• **Task statement**
In the records below, repeat word for word only the lines starting at the one that contains "Conocemos como tortugas" and ending at the one that contains "Radiostyrd familjebil från", pictures excluded.

• **Information shown**
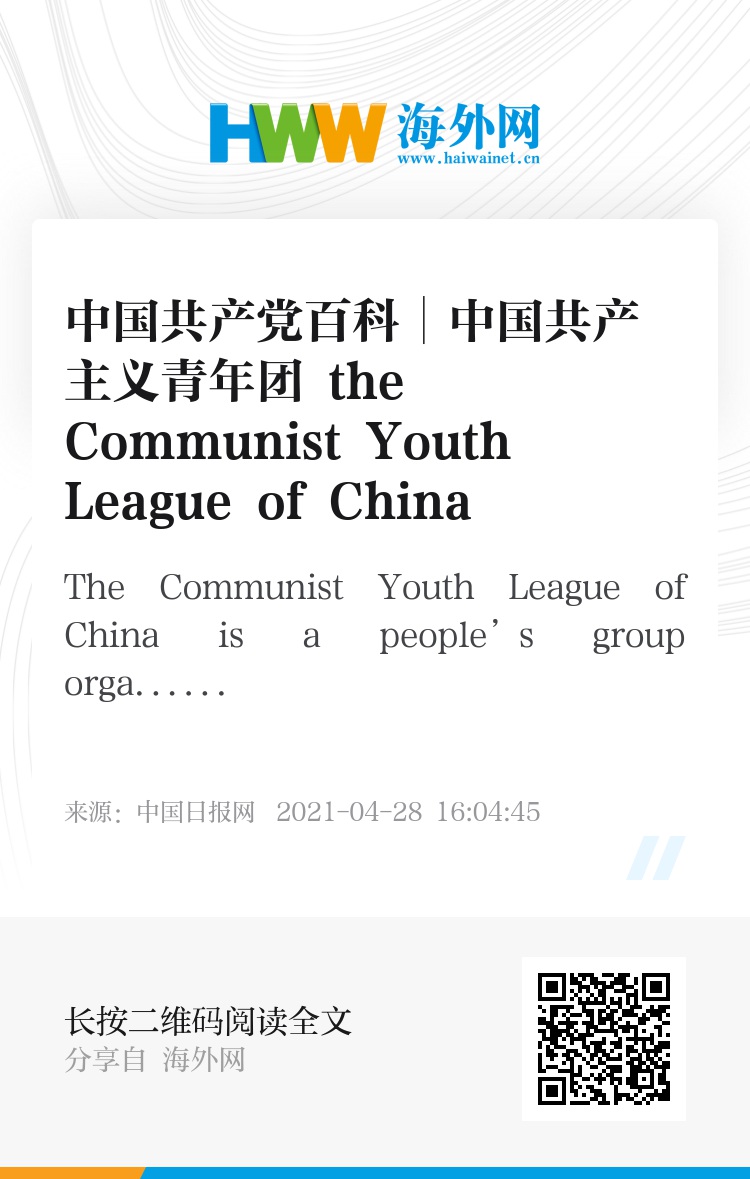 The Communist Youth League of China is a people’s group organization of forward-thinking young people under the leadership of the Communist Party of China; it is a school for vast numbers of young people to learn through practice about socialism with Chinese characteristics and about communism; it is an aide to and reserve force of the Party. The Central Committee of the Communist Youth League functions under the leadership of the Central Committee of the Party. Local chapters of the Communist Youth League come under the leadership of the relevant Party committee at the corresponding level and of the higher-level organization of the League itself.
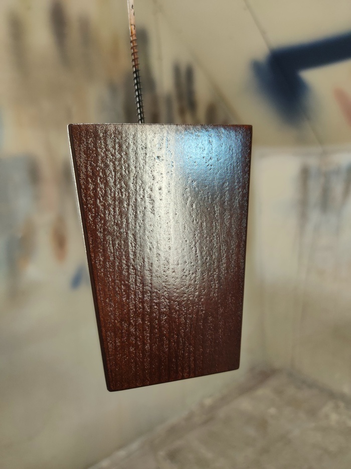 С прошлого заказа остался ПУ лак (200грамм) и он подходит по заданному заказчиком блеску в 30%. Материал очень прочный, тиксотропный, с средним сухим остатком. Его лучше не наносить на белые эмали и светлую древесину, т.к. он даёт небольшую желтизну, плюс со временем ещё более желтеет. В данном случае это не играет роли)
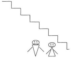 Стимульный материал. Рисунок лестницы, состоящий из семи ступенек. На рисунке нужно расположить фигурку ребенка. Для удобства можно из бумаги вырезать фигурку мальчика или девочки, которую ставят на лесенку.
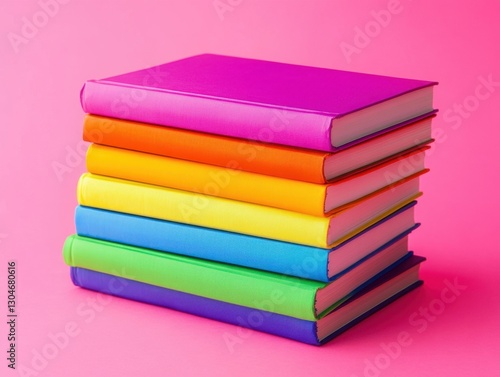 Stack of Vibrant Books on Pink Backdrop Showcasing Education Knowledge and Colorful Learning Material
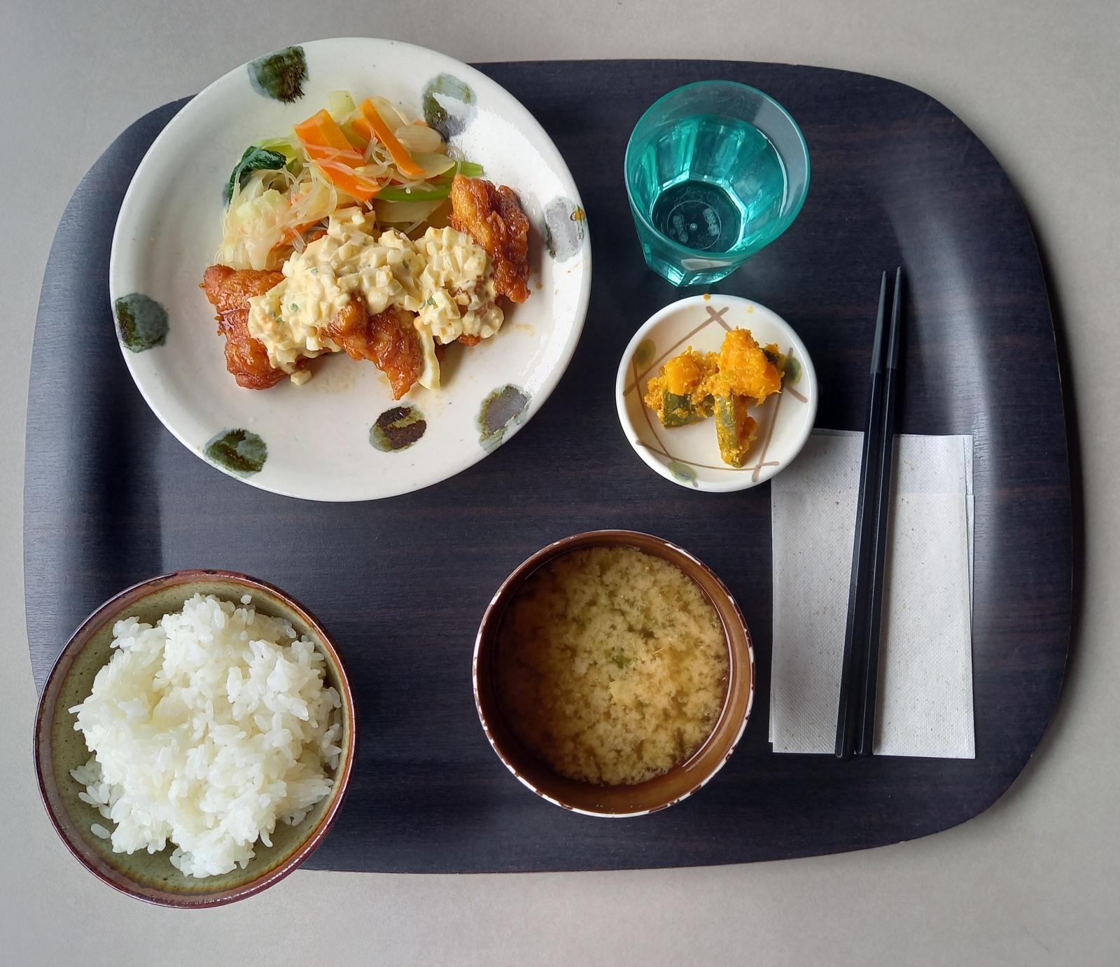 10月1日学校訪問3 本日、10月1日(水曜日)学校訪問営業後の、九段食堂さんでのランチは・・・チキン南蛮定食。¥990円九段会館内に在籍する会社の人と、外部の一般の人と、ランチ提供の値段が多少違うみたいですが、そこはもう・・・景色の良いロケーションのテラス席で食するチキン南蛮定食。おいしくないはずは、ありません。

...

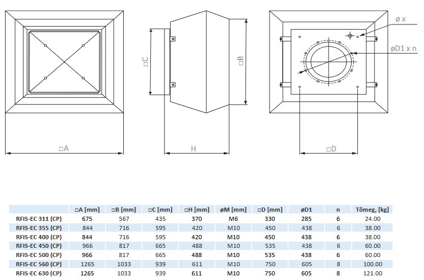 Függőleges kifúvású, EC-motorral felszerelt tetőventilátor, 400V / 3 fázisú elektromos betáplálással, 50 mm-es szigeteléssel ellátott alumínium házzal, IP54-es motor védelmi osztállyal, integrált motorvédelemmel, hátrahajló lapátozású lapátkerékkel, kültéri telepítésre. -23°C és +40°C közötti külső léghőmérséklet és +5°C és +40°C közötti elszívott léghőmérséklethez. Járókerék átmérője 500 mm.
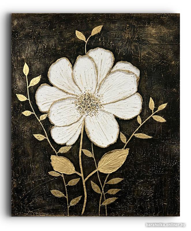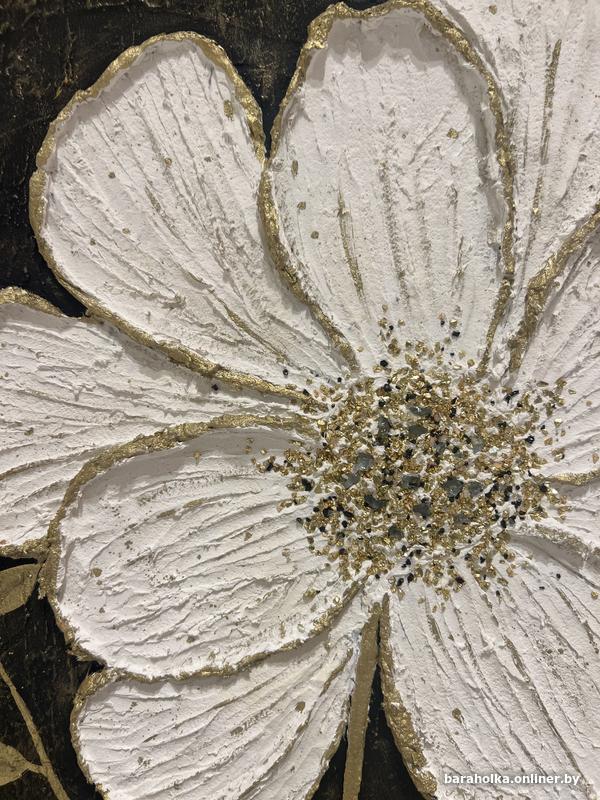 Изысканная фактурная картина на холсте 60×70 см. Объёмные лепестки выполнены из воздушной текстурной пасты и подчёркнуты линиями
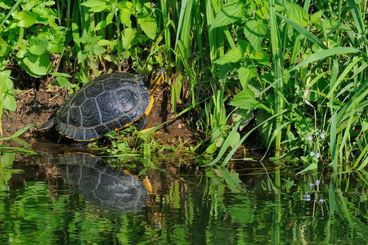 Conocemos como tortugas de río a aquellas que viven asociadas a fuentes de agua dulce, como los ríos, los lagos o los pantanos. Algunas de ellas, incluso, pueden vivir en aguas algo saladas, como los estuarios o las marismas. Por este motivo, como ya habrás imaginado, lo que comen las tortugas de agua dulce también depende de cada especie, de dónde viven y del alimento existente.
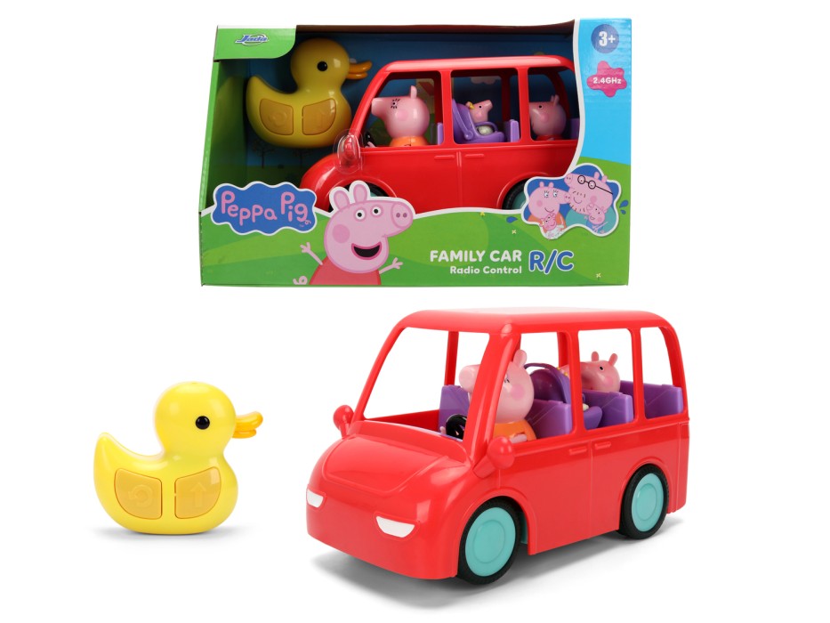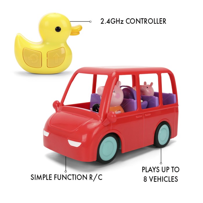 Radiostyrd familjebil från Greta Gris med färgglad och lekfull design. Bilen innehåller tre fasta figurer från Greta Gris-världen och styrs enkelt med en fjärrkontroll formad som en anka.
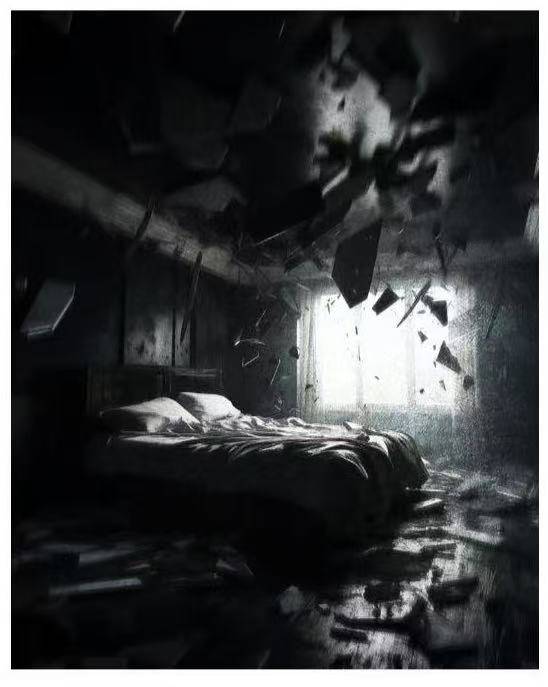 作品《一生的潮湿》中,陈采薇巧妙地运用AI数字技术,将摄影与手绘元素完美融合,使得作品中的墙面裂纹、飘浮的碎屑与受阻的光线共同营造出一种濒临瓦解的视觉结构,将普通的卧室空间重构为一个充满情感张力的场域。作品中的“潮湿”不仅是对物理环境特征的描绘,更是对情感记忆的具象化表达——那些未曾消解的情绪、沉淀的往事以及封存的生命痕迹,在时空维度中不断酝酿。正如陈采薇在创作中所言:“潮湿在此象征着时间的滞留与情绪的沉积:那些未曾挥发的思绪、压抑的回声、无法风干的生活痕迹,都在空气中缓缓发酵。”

--

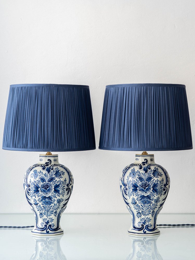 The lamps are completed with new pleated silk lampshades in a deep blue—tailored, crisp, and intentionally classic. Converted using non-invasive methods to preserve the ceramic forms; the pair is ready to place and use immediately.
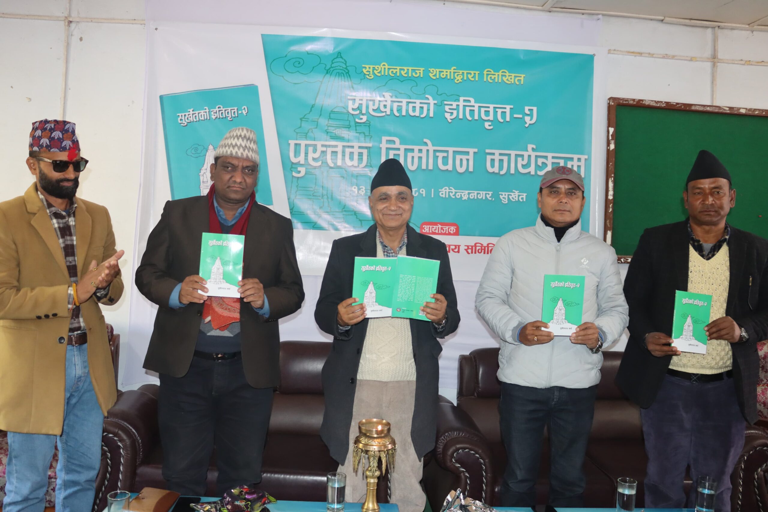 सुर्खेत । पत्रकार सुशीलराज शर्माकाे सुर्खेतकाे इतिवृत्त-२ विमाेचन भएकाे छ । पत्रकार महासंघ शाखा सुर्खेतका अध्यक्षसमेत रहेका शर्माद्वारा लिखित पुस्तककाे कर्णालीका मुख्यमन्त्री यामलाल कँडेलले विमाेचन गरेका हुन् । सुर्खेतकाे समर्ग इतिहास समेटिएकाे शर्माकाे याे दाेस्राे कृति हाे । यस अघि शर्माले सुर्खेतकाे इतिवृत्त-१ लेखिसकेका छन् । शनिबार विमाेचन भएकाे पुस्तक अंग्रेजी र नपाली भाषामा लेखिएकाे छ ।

• **Response to the task**
 Conocemos como tortugas de río a aquellas que viven asociadas a fuentes de agua dulce, como los ríos, los lagos o los pantanos. Algunas de ellas, incluso, pueden vivir en aguas algo saladas, como los estuarios o las marismas. Por este motivo, como ya habrás imaginado, lo que comen las tortugas de agua dulce también depende de cada especie, de dónde viven y del alimento existente.
 Radiostyrd familjebil från Greta Gris med färgglad och lekfull design. Bilen innehåller tre fasta figurer från Greta Gris-världen och styrs enkelt med en fjärrkontroll formad som en anka.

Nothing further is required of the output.